# [WHAT TO PRODUCE]
The answer must consist solely of the lines below starting at the one containing "Garaż jednostanowiskowy (19,50" and ending at the one containing "Детская музыкальная школа", repeated exactly, with both ends included and all pictures omitted.
** INFORMATION SHOWN follows **
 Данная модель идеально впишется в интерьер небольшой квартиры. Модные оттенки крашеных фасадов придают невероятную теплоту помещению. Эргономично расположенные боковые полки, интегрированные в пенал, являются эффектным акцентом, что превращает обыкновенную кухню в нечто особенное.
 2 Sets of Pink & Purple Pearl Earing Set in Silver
** End of INFORMATION SHOWN **
** INFORMATION SHOWN follows **
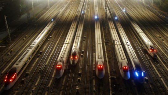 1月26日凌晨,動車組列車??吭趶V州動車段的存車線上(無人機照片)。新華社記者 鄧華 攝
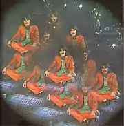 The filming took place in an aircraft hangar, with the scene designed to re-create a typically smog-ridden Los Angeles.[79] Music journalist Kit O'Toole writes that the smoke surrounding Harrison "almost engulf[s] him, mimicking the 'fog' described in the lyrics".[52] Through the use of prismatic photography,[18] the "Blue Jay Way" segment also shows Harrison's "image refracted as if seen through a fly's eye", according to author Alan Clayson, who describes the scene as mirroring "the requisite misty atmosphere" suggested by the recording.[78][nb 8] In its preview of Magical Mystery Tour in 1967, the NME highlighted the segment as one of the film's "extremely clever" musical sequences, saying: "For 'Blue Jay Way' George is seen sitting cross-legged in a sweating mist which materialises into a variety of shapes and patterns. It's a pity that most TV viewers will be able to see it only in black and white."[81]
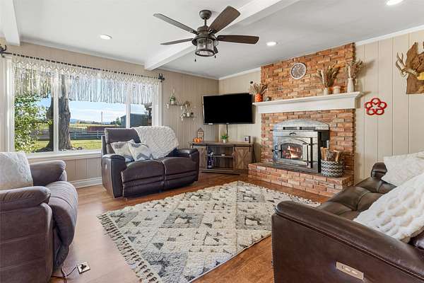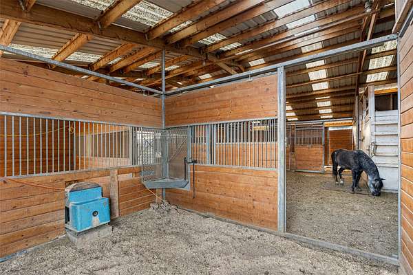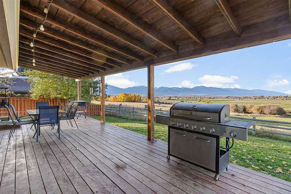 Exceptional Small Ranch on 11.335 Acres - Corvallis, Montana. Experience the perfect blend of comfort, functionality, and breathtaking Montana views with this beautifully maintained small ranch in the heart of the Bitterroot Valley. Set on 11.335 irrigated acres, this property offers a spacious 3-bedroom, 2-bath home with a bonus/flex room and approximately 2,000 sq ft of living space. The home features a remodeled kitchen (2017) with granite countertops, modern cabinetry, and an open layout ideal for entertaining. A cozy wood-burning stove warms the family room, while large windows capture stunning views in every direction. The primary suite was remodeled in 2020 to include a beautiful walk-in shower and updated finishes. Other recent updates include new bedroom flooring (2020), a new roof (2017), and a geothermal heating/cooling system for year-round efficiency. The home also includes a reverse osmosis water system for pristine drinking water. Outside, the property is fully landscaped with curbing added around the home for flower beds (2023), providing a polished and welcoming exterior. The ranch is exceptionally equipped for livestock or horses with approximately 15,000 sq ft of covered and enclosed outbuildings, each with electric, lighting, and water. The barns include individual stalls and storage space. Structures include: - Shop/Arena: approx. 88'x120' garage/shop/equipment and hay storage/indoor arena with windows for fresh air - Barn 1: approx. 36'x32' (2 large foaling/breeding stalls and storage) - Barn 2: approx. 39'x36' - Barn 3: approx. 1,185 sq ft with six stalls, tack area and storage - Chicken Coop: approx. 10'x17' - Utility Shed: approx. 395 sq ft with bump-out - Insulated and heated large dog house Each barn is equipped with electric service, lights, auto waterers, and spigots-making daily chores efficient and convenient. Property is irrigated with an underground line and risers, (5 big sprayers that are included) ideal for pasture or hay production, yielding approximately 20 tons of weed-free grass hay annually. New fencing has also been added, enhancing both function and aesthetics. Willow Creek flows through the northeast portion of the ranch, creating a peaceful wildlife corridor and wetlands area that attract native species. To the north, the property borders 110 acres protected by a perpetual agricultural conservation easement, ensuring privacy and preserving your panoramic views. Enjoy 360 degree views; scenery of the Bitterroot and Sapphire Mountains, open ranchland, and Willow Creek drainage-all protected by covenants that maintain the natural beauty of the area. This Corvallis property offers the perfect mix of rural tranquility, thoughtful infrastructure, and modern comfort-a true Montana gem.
** End of INFORMATION SHOWN **
** INFORMATION SHOWN follows **
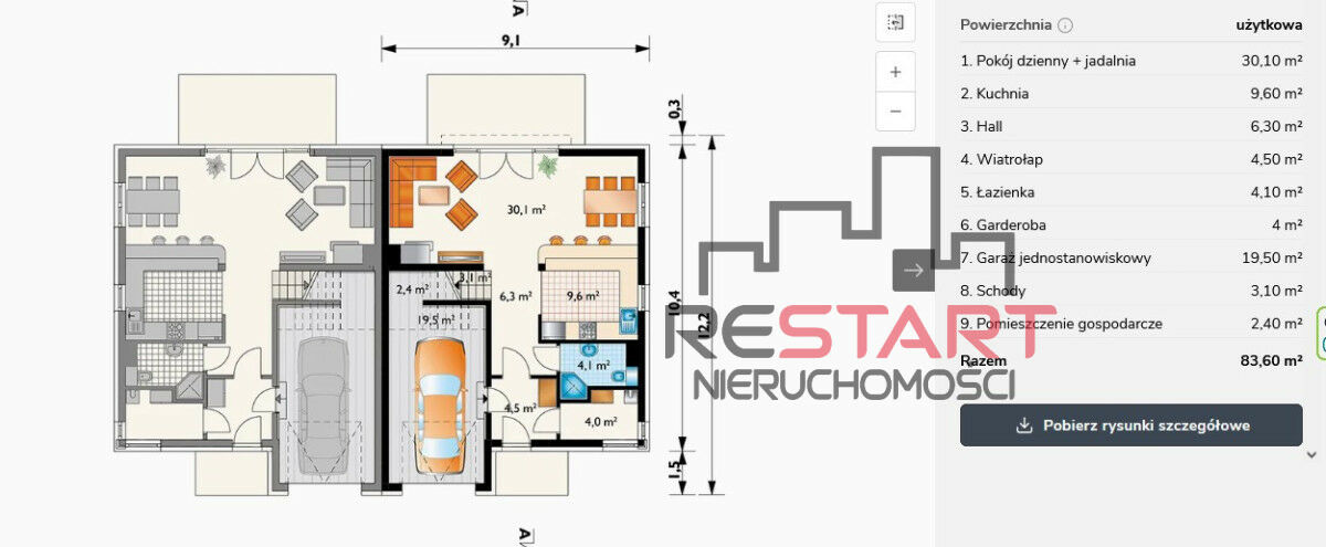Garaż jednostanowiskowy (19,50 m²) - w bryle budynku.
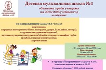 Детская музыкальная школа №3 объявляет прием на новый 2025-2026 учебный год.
** End of INFORMATION SHOWN **
# [ANSWER FOR THIS EXERCISE]
Garaż jednostanowiskowy (19,50 m²) - w bryle budynku.
 Детская музыкальная школа №3 объявляет прием на новый 2025-2026 учебный год.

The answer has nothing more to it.